Graph analytics and why it matters

Over the last few years, Gartner has consistently ranked graph analytics, graph processing, knowledge graphs, and context-enriched analysis (e.g. graph neural networks) among its top data science trends. This is because connected data, or graphs, are everywhere. Biochemical pathways, electrical grids, roadmaps, and communications networks are common examples of graphs. Because graphs are everywhere, it stands to reason that graph processing is also everywhere. Operations on such connected data invoke various graph analytics algorithms to extract useful information embedded in the connections. For example, web searches examine the connections among webpages to find the most relevant information. Social networks use friend connections to identify communities of people with similar interests. Mapping software looks for optimal routes in road networks.

Similarly, the graphs themselves are highly varied. Some are large and some are small. Some are relatively dense while others are very sparse. Some graphs have highly-skewed degree distributions.
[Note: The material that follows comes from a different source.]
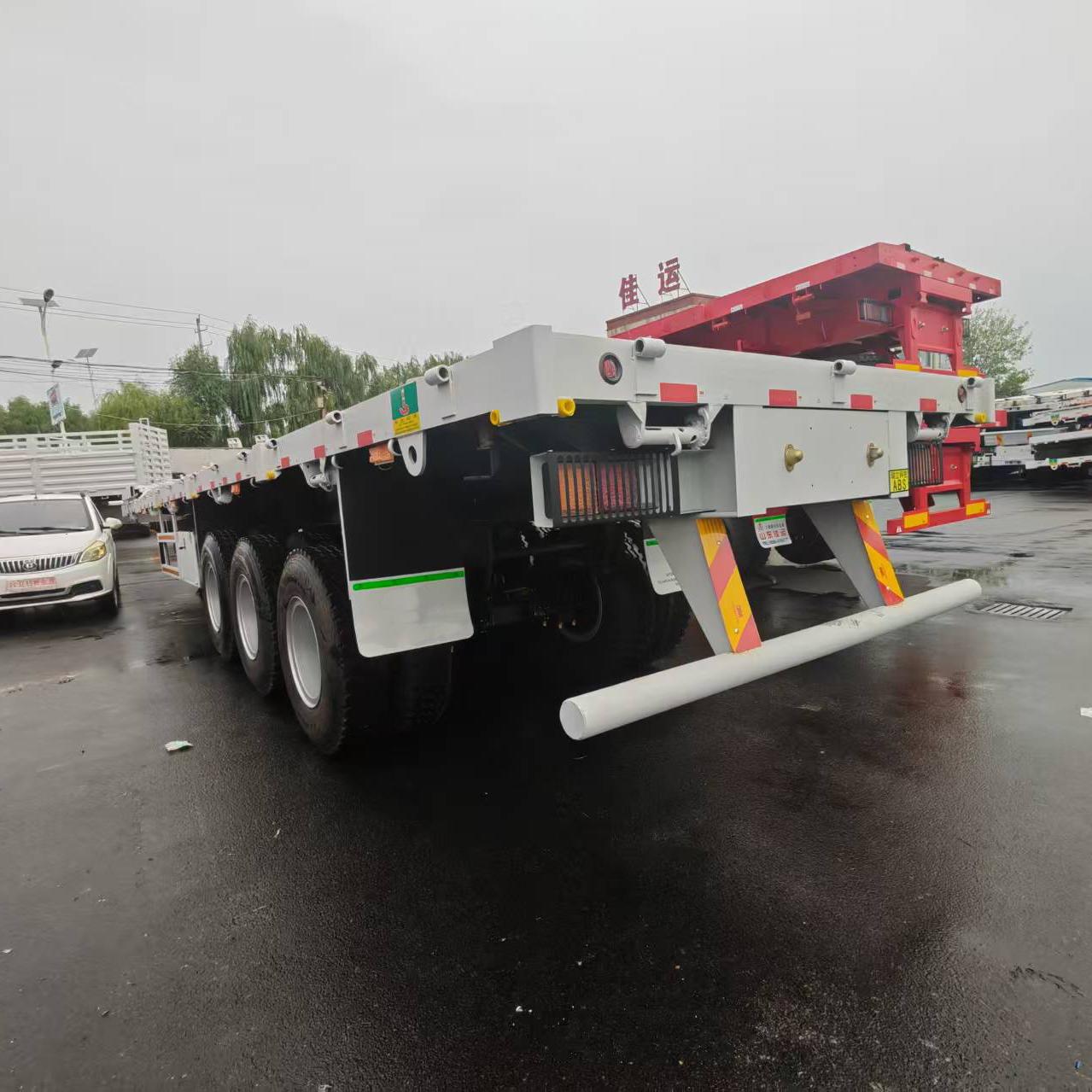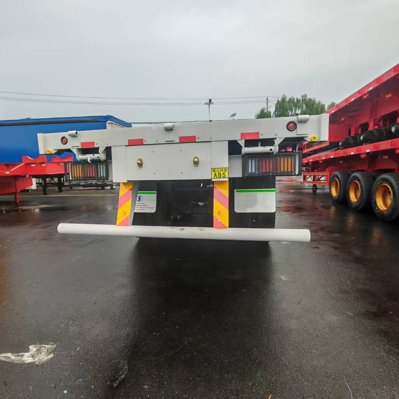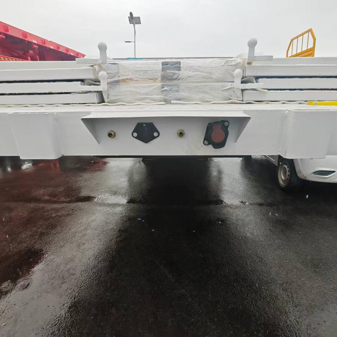 The rear of a 50 tons flatbed trailer features a multi-track bumper design. In the event of an impact, this design distributes the force across multiple locations, preventing damage to a single point due to excessive stress. For example, in a rear-end collision, this design distributes the impact force across different components, minimizing damage to the trailer's main structure. Compared to a single-track bumper, a multi-track bumper offers increased structural complexity and strength, providing better resistance to deformation from external forces. In the event of collisions or scrapes during driving, this design effectively maintains the rear end's shape and minimizes deformation.

For example, the X (formerly Twitter) network is skewed because some people have millions of followers while most have only a few. Web graphs, on the other hand, tend to have a high average degree. Road networks often have a high diameter (the length of the path between the most distant nodes). All of these characteristics affect the performance of graph algorithms.
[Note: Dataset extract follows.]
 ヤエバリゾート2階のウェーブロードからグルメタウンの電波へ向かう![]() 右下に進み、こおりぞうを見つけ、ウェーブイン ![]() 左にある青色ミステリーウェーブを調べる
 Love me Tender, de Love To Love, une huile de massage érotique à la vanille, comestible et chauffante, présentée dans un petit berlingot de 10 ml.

The computational landscape of graph analytics is very diverse, so no single graph and algorithm pair can represent the entire computational space. Several combinations are needed to give a comprehensive, objective, and reproducible representation of graph analytics performance because optimizations that work well for one graph topology might not work well for others.

GAPBS vs. Graphalytics

Good benchmarks are available to measure the performance of graph analytics software and hardware. The GAP Benchmark Suite from the University of California, Berkeley runs six common algorithms on five graphs with different characteristics to give good coverage of the graph analytics landscape (Beamer et al., 2015). Another advantage is that GAP is easy to run, so it was chosen for a recent comparison of several academic software packages for graph analysis (Azad et al., 2020). However, it does not have automatic correctness checking and its graphs are fixed-size and small by modern standards.
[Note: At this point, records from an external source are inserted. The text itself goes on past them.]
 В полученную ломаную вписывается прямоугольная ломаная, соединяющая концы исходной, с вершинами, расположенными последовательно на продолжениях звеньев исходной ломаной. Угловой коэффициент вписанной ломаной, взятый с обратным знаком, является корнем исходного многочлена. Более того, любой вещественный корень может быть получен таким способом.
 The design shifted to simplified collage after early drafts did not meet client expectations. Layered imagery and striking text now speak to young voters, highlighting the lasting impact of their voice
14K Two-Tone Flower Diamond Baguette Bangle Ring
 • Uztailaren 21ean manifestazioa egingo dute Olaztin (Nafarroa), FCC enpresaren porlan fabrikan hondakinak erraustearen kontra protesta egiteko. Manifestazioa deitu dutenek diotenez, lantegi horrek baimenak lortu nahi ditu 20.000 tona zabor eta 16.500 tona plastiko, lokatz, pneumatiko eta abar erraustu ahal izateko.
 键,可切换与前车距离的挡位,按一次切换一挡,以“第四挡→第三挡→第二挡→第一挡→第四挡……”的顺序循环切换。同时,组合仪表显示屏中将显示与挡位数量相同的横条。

LDBC Graphalytics is more of an industrial-strength benchmark consisting of “six deterministic algorithms, standard datasets, synthetic dataset generators, and reference output, that enable objective comparison of graph analysis platforms” (Iosup et al., 2016). It is not as easy to run as GAP, but it covers similar regions of the graph analytics landscape and offers a few key advantages. First, it is strictly deterministic and provides reference output to make correctness checking easier. Second, its input graphs are classified by size, some of which are considerably larger than those provided by GAP. Third, the Graphalytics specification is maintained and updated by the LDBC. In 2023, the LDBC sponsored an open competition for graph practitioners to compare their hardware and/or software using Graphalytics. The results of this competition are described in the next section.

It is worth noting that both GAP and Graphalytics measure static graph analytics. SAGA-Bench is a better option for use-cases that require streaming graphs (Basak et al., 2020).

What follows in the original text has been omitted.